■ Exercise
The answer should hold only the lines from the one containing "Der Verhaltenskodex und" through the one containing "Relative Verteilung des" in the entries below, copied exactly, without pictures.

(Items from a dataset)
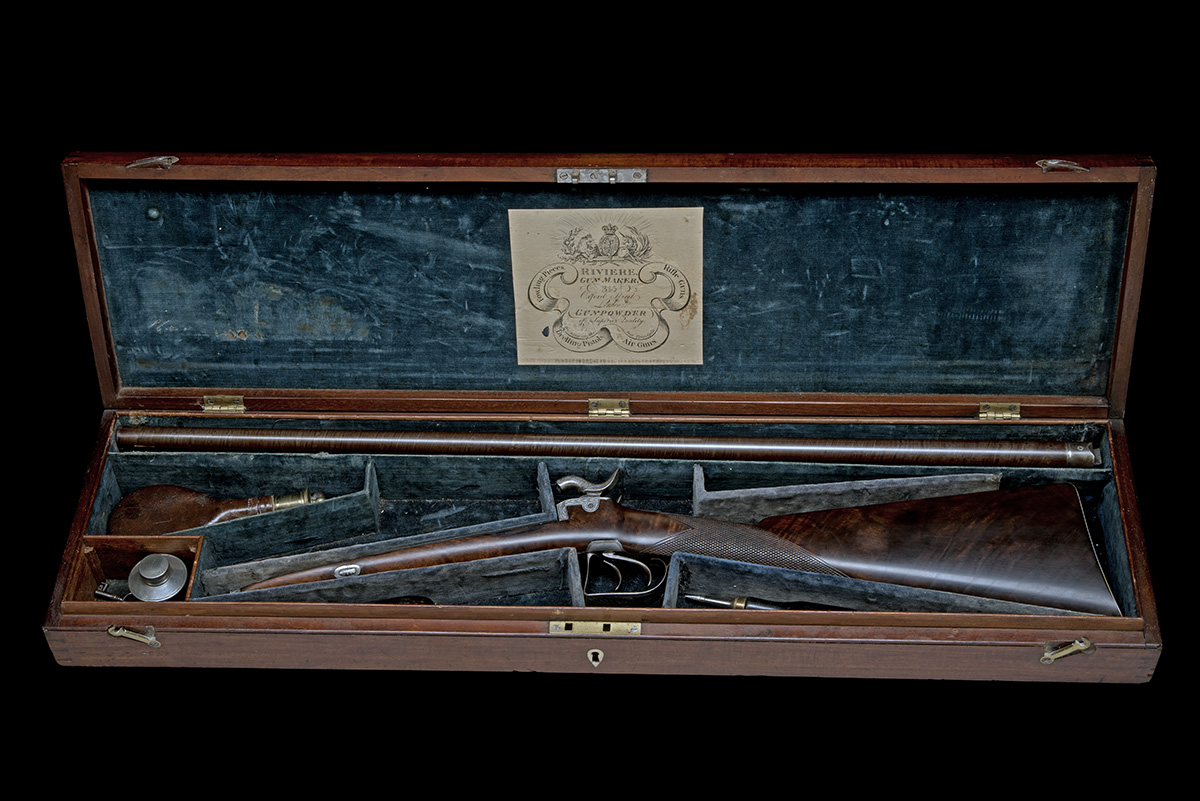 RIVIERE, LONDON A CASED EARLY 16-BORE PERCUSSION RIVIERE PATENT DOUBLE-BARRELLED SPORTING GUN, serial no. 10,
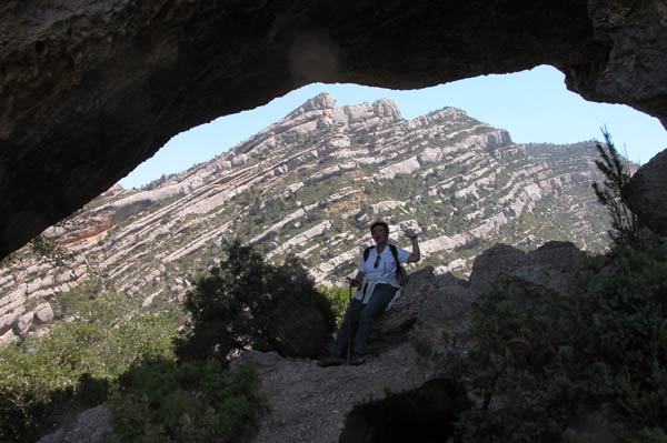 Por fin , despues de unas 2 horas de andar llegamos al Pont Natural. Un gran agujero con forma de puente en una gran pared de roca Al fondo puede verse enmarcado por el Puente La Montaña dels Ventadors
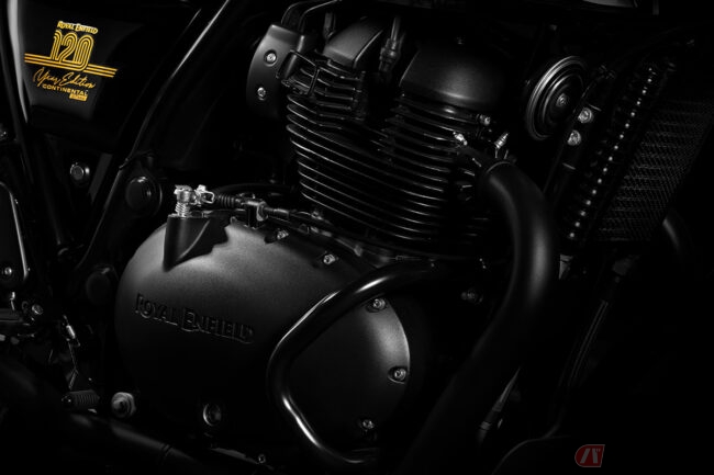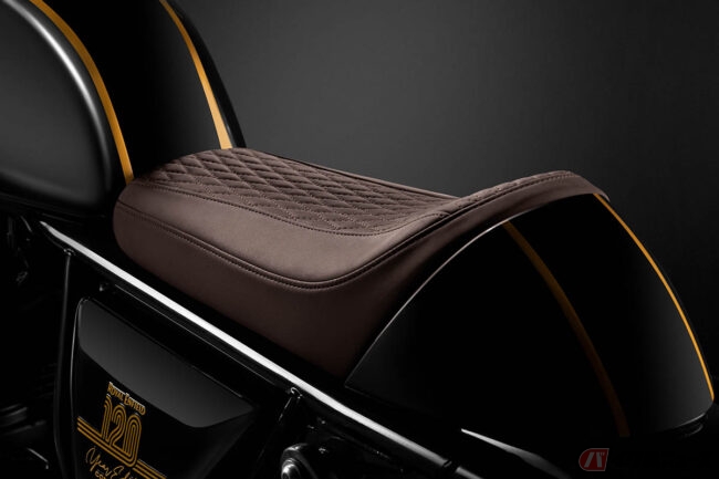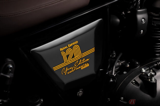 タンクの上面には、特別モデルの1台であることを示すシリアルナンバーが刻印され、サイドパネルにはロイヤルエンフィールドの歩んできた120年を記念した特別なデカールも施されています。
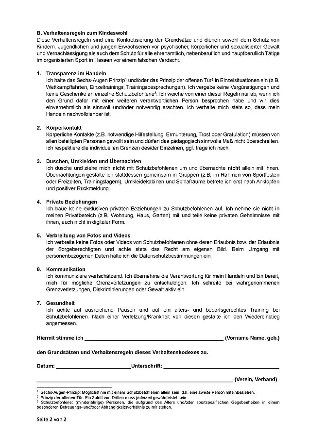 Der Verhaltenskodex und die Verhaltensregeln zum Kindeswohl (Anlage Ex. LSBH) wurden von allen in der Jugendarbeit tätigen Trainern und Betreuern unterschrieben.
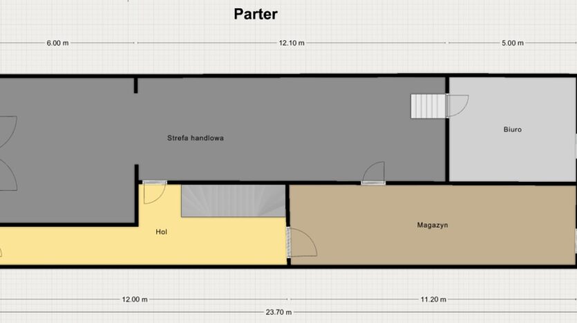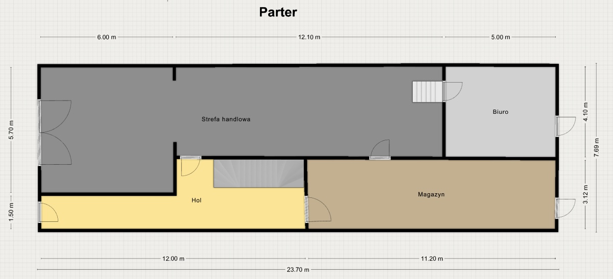 Parter (Poziom 0) – 166 m² (Wynajęte) Reprezentacyjna część komercyjna z dużą witryną od strony Rynku. Układ obejmuje przestronną strefę handlową, hol, biuro na tyłach oraz półpiętro.
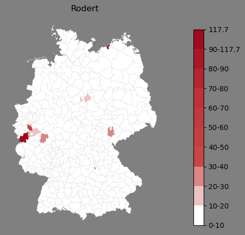 Relative Verteilung des Namens Rodert (1996)Direkt zur Karte Die Farbskala zeigt die Anzahl von "Rodert" bezogen auf je 1 Million Einträge. |
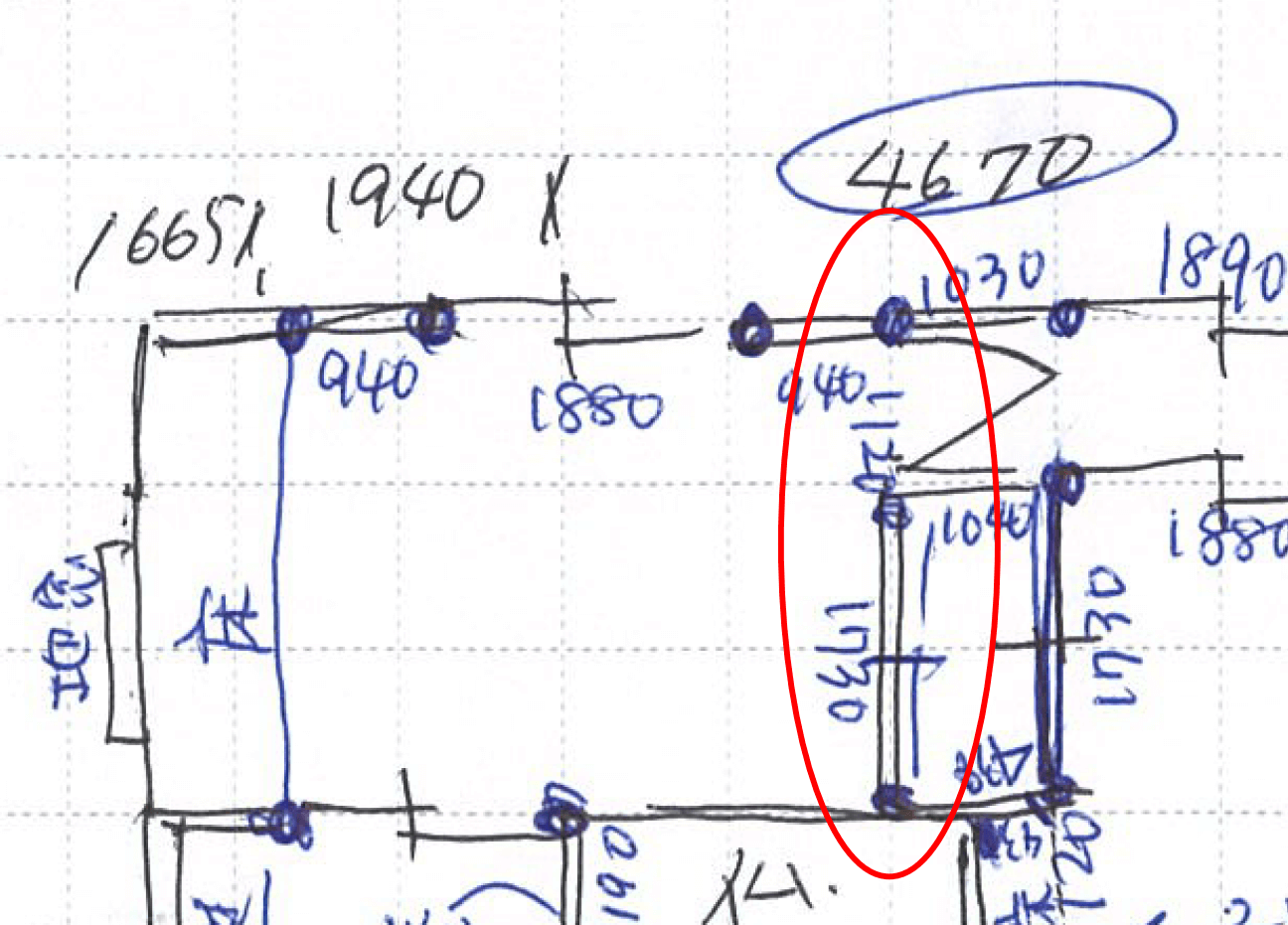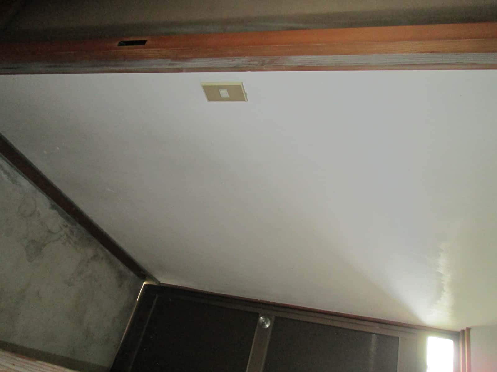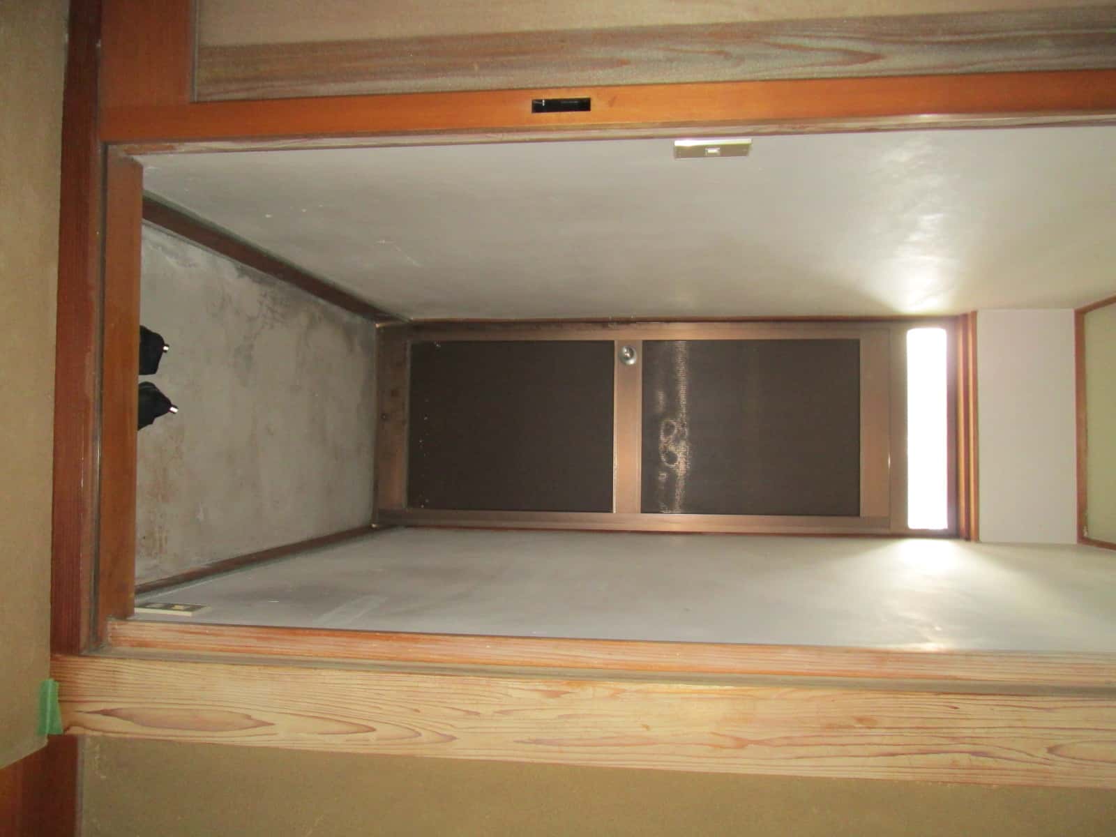 勝手口の部分が日常的な荷物置き場になっていたわけですが、耐震化という部分では、生活する部屋ではありませんから、改修でしばらく使えなかったとしても差し支えない場所で、補強プランを検討する上ではもってこい!の場所であることは間違いありません。さらに仕上げもケイカル板か石膏ボード仕上げで十分ですので、コストも低く抑えることができますし、天井を壊したところで畳1枚程度の復旧ですから、非常に工事がやりやすいところなわけです。画像に写っている両側の壁面を強固な耐力壁とする計画です。
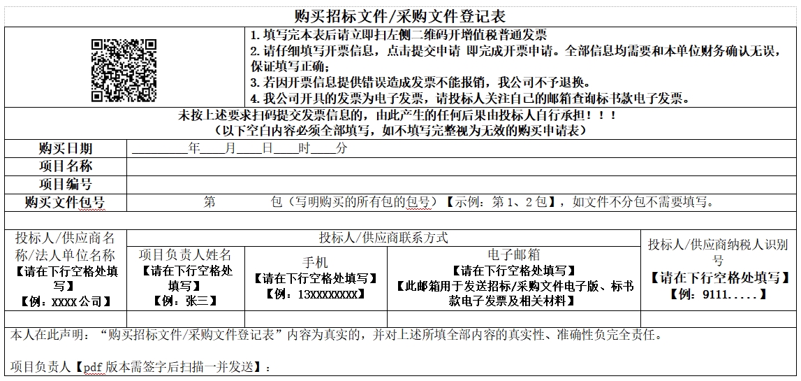 方式:请电汇购买议标文件。议标文件售价为***元人民币,售后不退。有兴趣的供应商可在****年**月**日至****年**月**日期间每个工作日下午**:**(北京时间)前汇款(不接受个人汇款)至采购代理机构指定账户,汇款时请必须注明“*********标书款”。汇款后请将汇款凭证和填写完毕的《购买招标文件/采购文件登记表》(*份可编辑的****版本及*份不可编辑的***版本),同时以电子邮件形式发送至********@***.**.**。采购代理机构工作日当日**:**时前收到邮件的于当日发送议标文件电子版,**:**时后收到的将视为是下一个工作日收到的邮件。
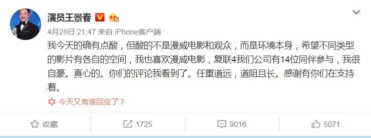 王景春怒斥《复联4》高排片,随后发文表示“自己有点酸”
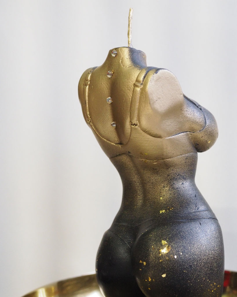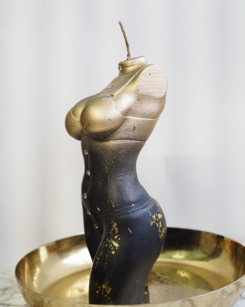 A reverse version of my Eternal Noir design that highlights the top of the candle. The gold softly melts down the body for a sexier version and eye catching details. A touch of gold flakes and some have golden glass rhinestones down the center.
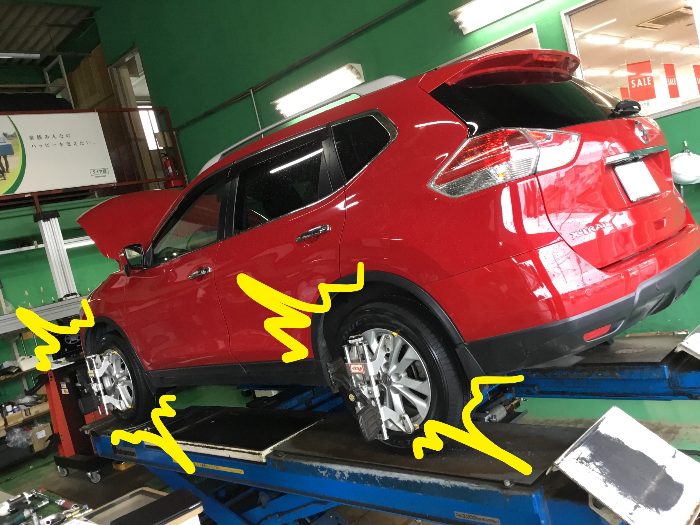 エクストレイルは前後ともタイヤの角度が調整できるので、しっかり角度の修正!
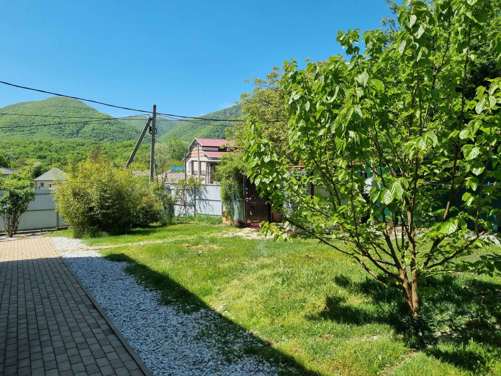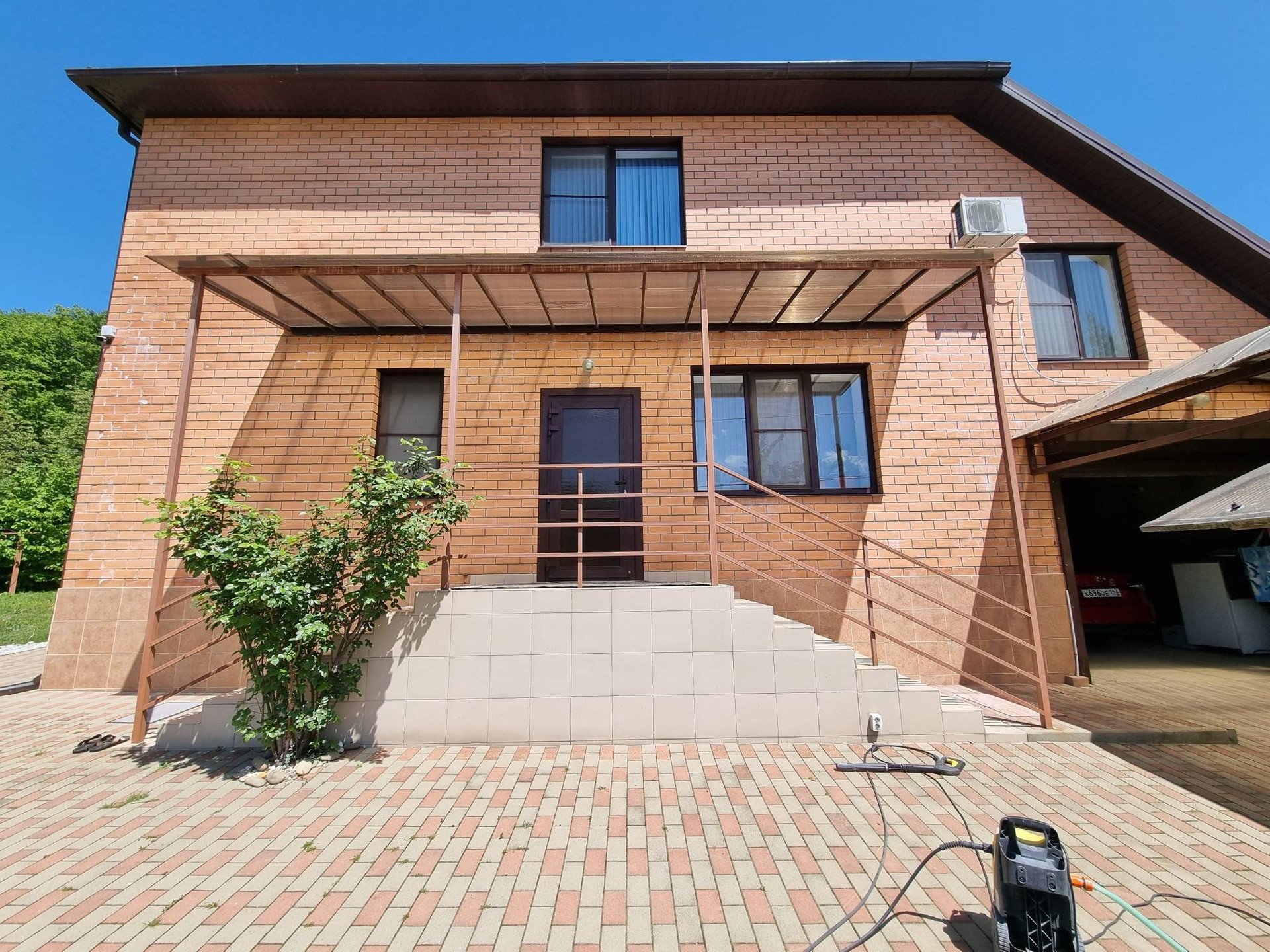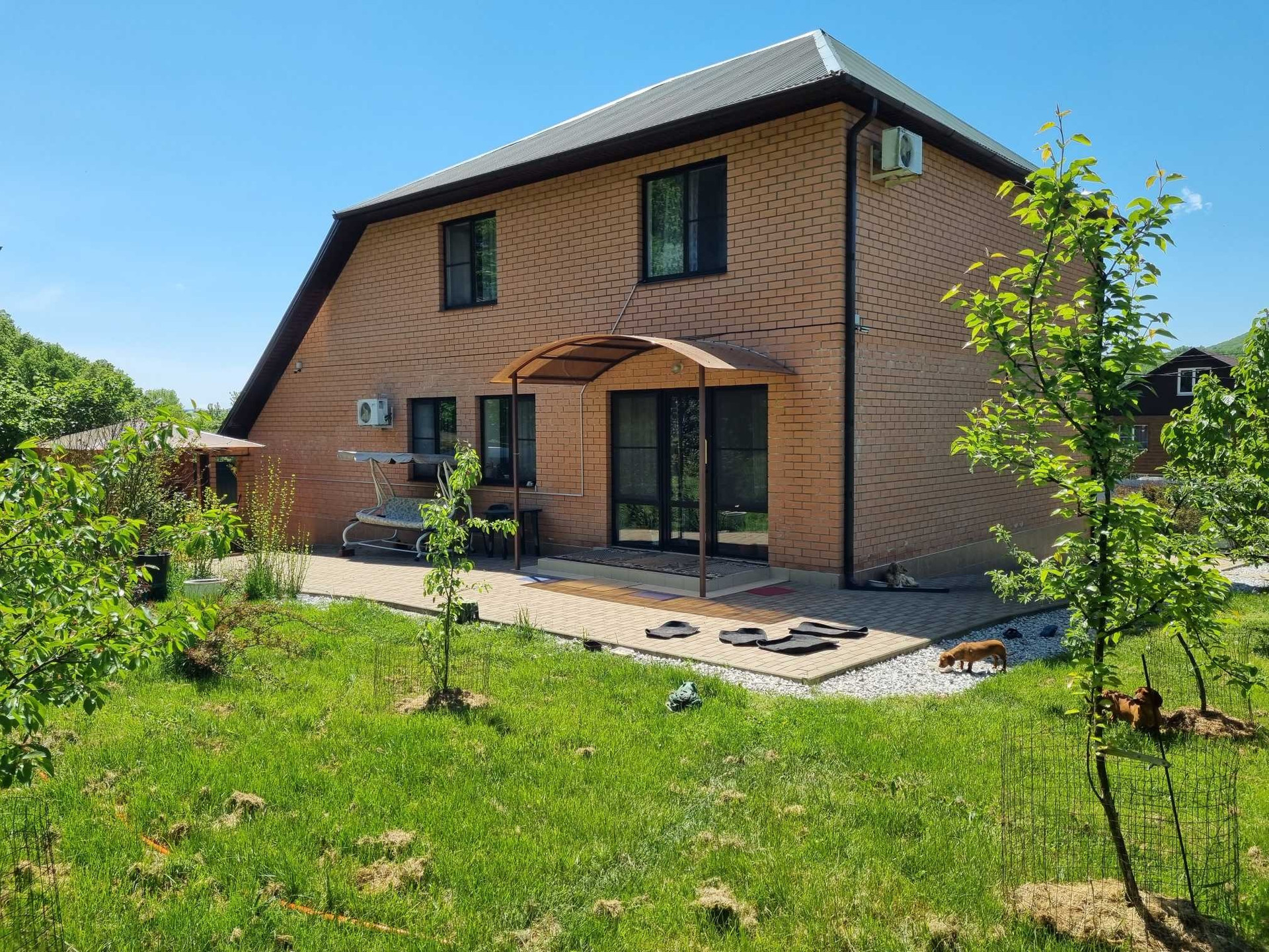 Территория дома облагорожена тротуарной плиткой, есть навес на две машины. Также во дворе оборудована летняя беседка и зона барбекю. В саду плодовые деревья.

■ Written solution
 Der Verhaltenskodex und die Verhaltensregeln zum Kindeswohl (Anlage Ex. LSBH) wurden von allen in der Jugendarbeit tätigen Trainern und Betreuern unterschrieben.
 Parter (Poziom 0) – 166 m² (Wynajęte) Reprezentacyjna część komercyjna z dużą witryną od strony Rynku. Układ obejmuje przestronną strefę handlową, hol, biuro na tyłach oraz półpiętro.
 Relative Verteilung des Namens Rodert (1996)Direkt zur Karte Die Farbskala zeigt die Anzahl von "Rodert" bezogen auf je 1 Million Einträge. |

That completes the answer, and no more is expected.